Did quite a bit of hiring for a BBB. At the entry associate level it was your BSchool record (and which BSchools we chose to recruit at), your work experience prior to BSchool, and your undergrad major and record, pretty much in that order of importance. Where you went undergrad would be noted, but your record and experience was the only thing that really mattered (as well as interpersonal skills). For lateral jobs (VP and higher), it was all about experience and skill level and personality fit. At that point grad and undergrad records mattered little, and where you went undergrad not at all.

Where going to a prestigious school matters is at the entry level jobs where there are a ton of applicants.
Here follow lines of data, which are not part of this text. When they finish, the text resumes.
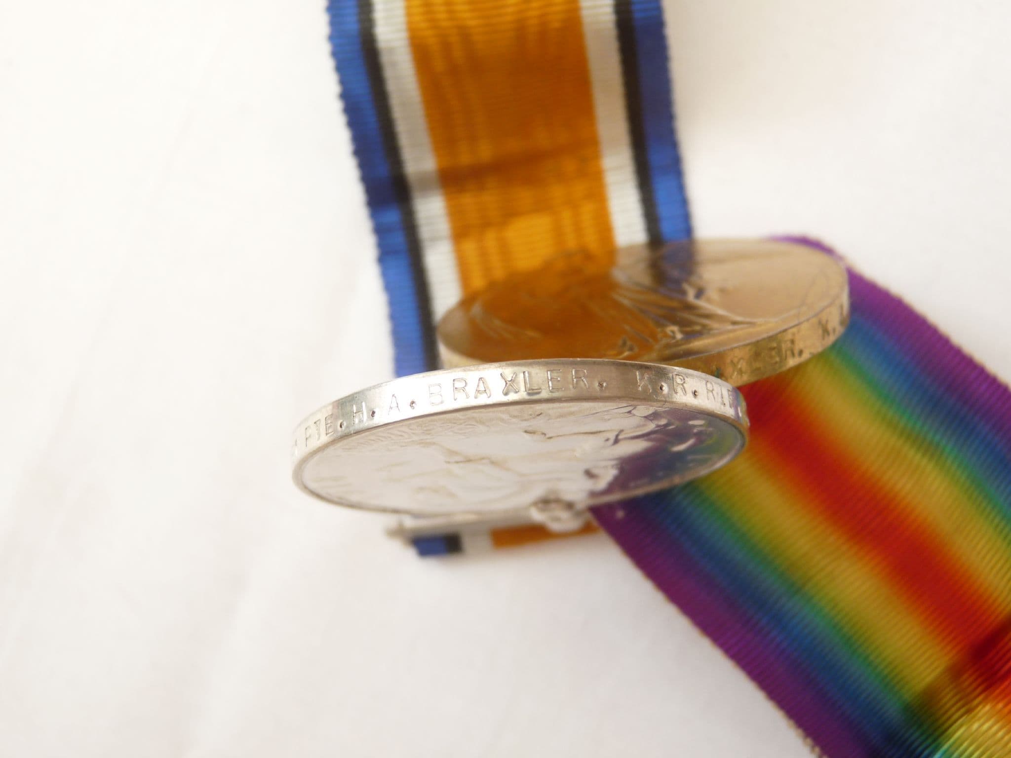 British WW1 Pair with silver Wound badge to King's Royal Rifle Corps. H.A. Braxler.
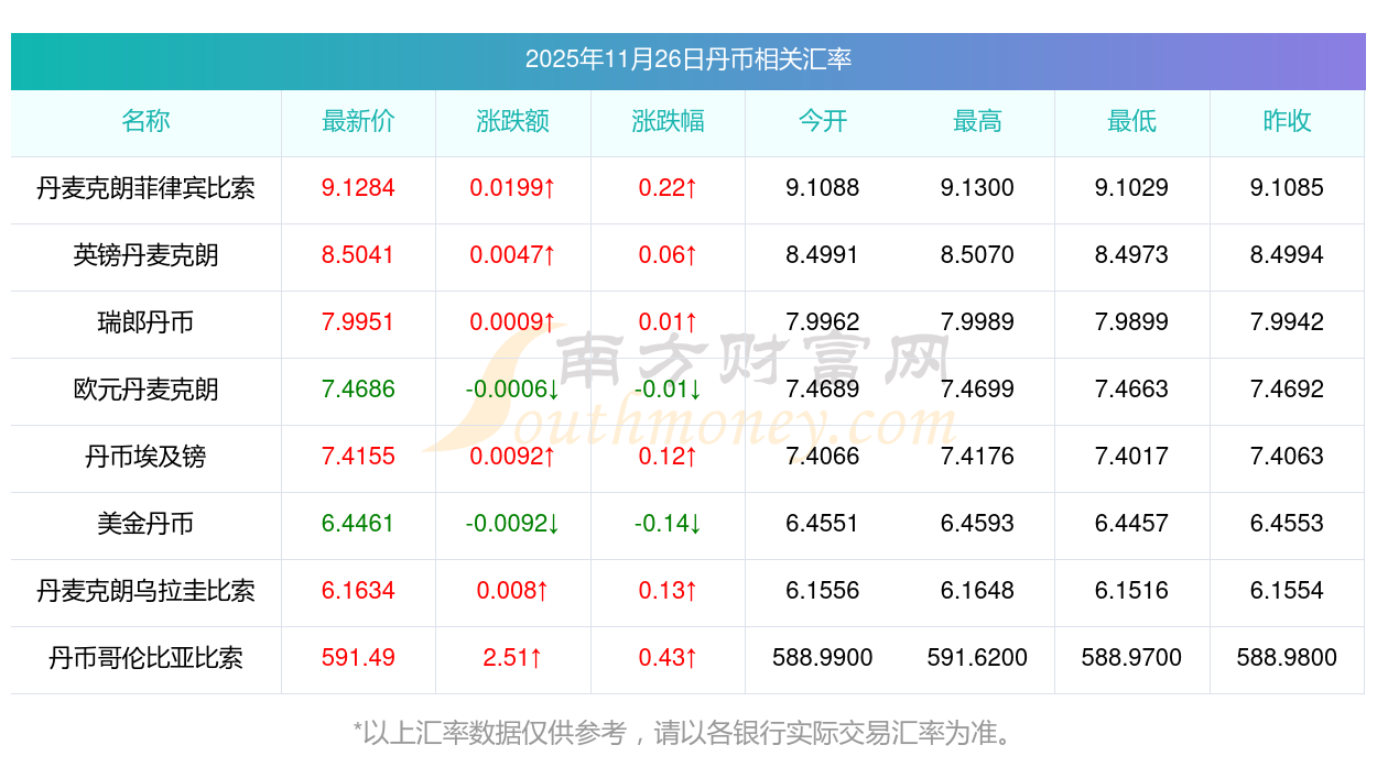 根據(jù)2025年11月26日匯率計算,DKK兌換CLP匯率最新價145.077000:今開價144.9680,昨收價144.9630,最高價145.1290,最低價144.8370。
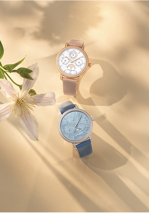 (위부터) 지름 36.5mm 18K 5N 핑크 골드 케이스에 화이트 머더오브펄 다이얼을 매치했으며 로즈 베이지 컬러의 앨리게이터 레더 스트랩을 더해 우아함과 여성스러움이 돋보이는 워치, 블루 그레이 머더오브펄 다이얼로 신비감을 더하고 18K 화이트 골드 케이스와 베젤, 러그에 세팅한 화이트 다이아몬드로 시원한 느낌을 주는 워치 각 1억1천6백만원대 바쉐론 콘스탄틴. 문의 1877-4306
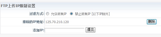 4. 點(diǎn)擊上圖中“設(shè)置FTP登錄的IP范圍”進(jìn)入FTP登錄IP地址范圍限制,填寫限制IP地址,如下圖所示:
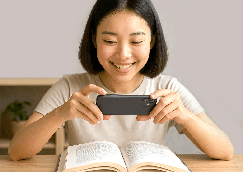 책을 읽으며 스냅샷 업로드 버튼을 눌러 사진을 간편하게 등록합니다.
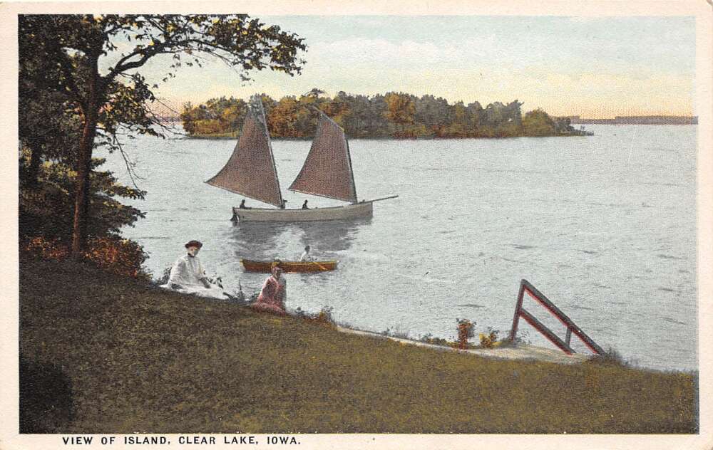 Clear Lake Iowa View Of Island, White Border Vintage Postcard U17206
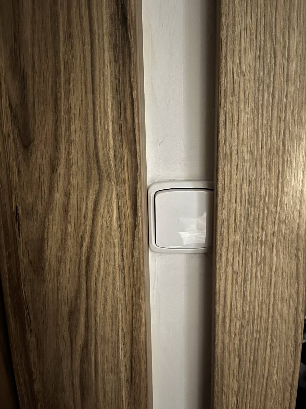 Ideálně dát "užší"dřevo co je vlevo od vypínače a vypínač s krabičkou posunout o ten centimetr a půl vlevo, pokud nechceš velké změny. Jinak by šlo přendat i vypínač jinam nebo dát vypínač/přepínač od Schnaidera, šířka cca 5 cm, jiný vzhled, menší klapka, jiná krabička ve zdi vypinac.cz/...

Businesses use the selectivity of a school as a first level filter, e.g., if the kid had a decent GPA at a T20 in a relevant major, most likely they are hard working and have the brain power to do the work. Let’s see if they fit now through the interview process. We don’t have to work so hard to find the diamonds in the rough that we might in other colleges, although exceptional students from less selective colleges can stand out. As between HYPSM and B/D (or other highly selective schools), there is no difference.

If you see a numerical difference in the number of alum of certain schools at certain firms, it is likely a function of the size of the graduating class and the percentage of students seeking such a career. We can take Wharton undergrad as a good example. Lot of Wharton grads in consulting, IB, PE, etc… because kids that chose to go there tend to have those types of jobs as their goals from the beginning.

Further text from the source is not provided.